- Exercise:
Beginning with the line that contains "Kołnierz wykonany jest", retype the entries below exactly, ending with the line that contains "4 Pack Plastic". Leave out any pictures.

- Supplied information:
════════
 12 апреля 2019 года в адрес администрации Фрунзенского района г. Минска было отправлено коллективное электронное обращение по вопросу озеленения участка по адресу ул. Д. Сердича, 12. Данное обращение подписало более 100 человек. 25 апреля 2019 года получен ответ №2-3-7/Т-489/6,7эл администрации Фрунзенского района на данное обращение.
════════
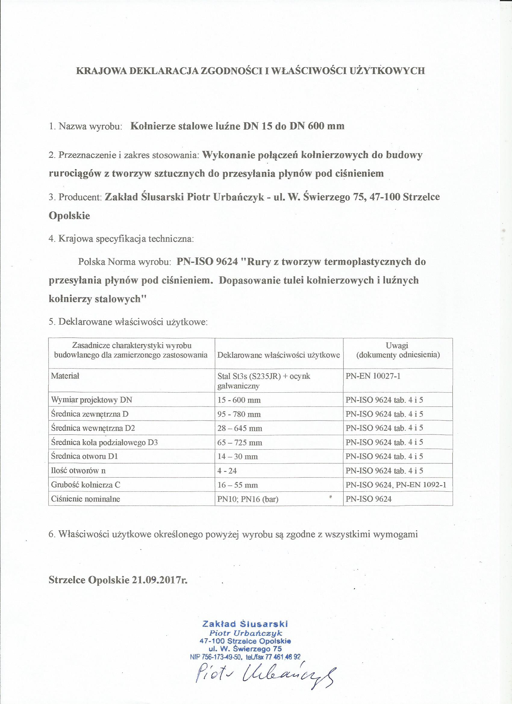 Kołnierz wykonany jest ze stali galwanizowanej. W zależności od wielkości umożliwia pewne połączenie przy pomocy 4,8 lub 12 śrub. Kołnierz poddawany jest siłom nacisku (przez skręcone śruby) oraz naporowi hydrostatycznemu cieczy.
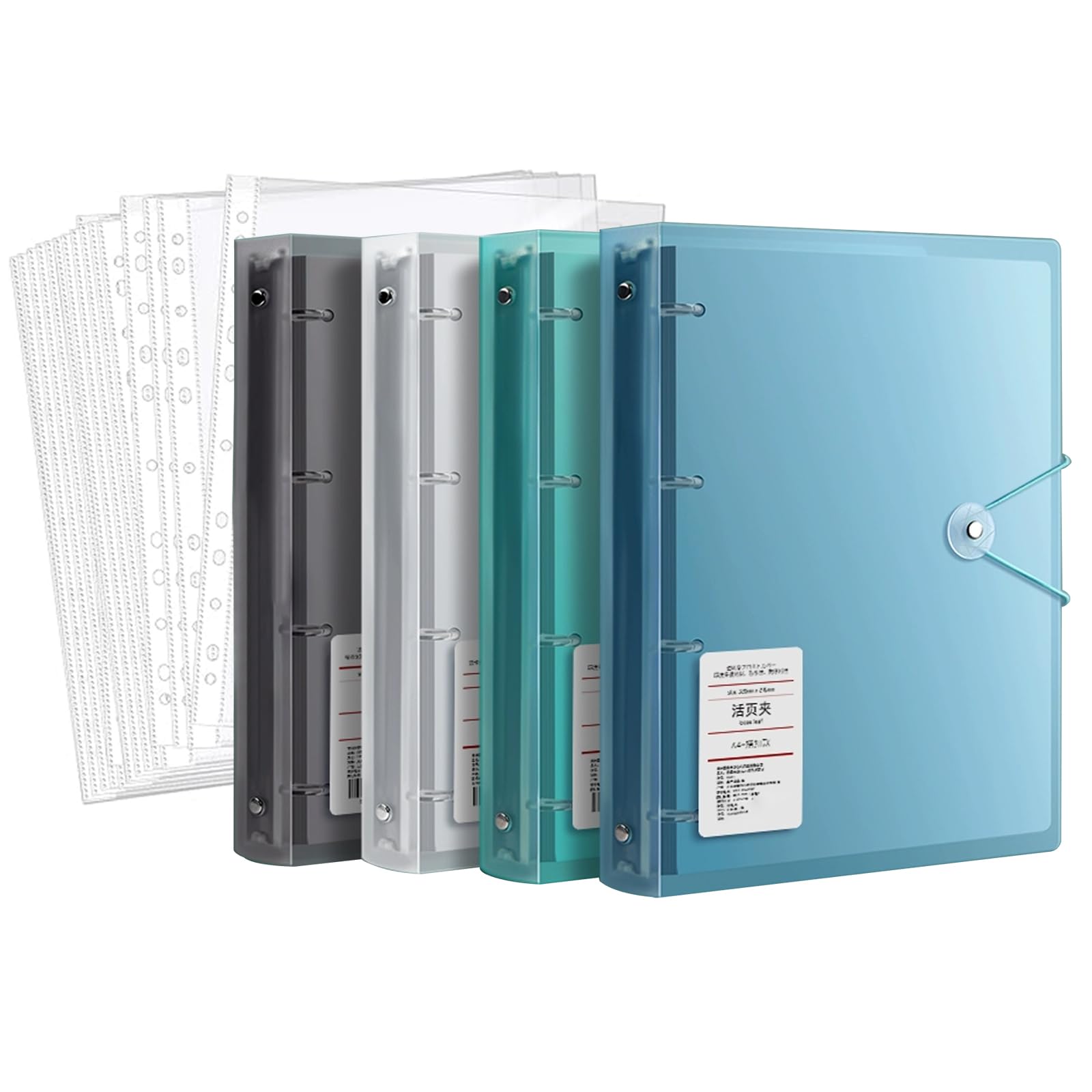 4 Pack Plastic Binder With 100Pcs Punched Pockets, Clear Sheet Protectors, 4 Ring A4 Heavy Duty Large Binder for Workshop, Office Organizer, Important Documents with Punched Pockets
════════
- Response:
 Kołnierz wykonany jest ze stali galwanizowanej. W zależności od wielkości umożliwia pewne połączenie przy pomocy 4,8 lub 12 śrub. Kołnierz poddawany jest siłom nacisku (przez skręcone śruby) oraz naporowi hydrostatycznemu cieczy.
 4 Pack Plastic Binder With 100Pcs Punched Pockets, Clear Sheet Protectors, 4 Ring A4 Heavy Duty Large Binder for Workshop, Office Organizer, Important Documents with Punched Pockets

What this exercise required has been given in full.